__RECORDS__
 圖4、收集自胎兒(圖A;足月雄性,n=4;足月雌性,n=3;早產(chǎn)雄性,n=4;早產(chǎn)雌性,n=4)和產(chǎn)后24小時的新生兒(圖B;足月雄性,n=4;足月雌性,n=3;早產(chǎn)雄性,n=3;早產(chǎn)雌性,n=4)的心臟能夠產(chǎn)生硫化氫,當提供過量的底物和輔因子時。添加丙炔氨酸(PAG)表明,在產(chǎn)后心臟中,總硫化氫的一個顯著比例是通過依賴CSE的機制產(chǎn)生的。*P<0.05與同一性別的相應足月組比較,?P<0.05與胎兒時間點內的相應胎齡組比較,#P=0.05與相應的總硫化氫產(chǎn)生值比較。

* * *

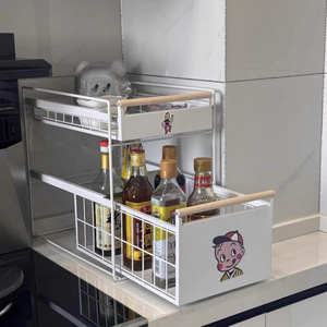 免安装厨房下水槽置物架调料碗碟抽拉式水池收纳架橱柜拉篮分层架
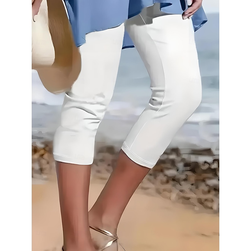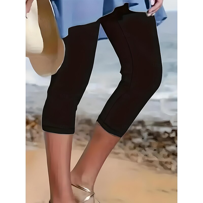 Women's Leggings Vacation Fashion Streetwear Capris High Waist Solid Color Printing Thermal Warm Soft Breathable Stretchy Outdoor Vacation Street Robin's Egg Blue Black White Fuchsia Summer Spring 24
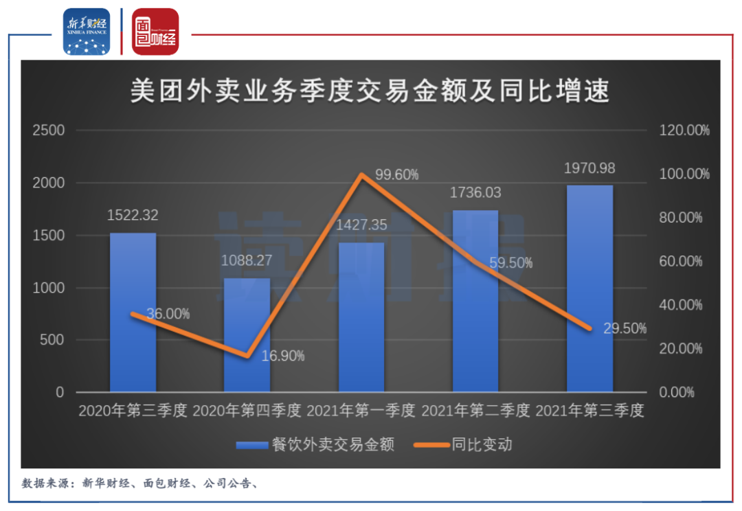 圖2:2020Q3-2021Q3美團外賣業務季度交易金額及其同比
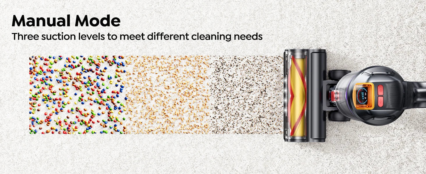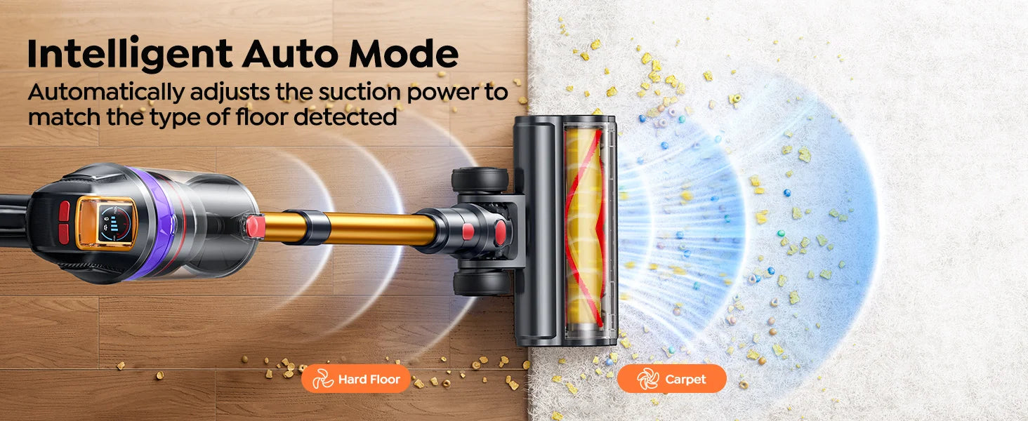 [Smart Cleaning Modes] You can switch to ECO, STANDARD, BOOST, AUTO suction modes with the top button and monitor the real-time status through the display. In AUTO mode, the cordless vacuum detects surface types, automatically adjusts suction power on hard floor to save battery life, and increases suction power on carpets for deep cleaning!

__EXERCISE OBJECTIVE__
The result should be an exact copy of only the lines above from the one that holds "圖2:2020Q3-2021Q3美團外賣業務季度交易金額及其同比" through the one that holds "[Smart Cleaning Modes]", both ends included, without pictures.

__ANSWER BELOW__
 圖2:2020Q3-2021Q3美團外賣業務季度交易金額及其同比
 [Smart Cleaning Modes] You can switch to ECO, STANDARD, BOOST, AUTO suction modes with the top button and monitor the real-time status through the display. In AUTO mode, the cordless vacuum detects surface types, automatically adjusts suction power on hard floor to save battery life, and increases suction power on carpets for deep cleaning!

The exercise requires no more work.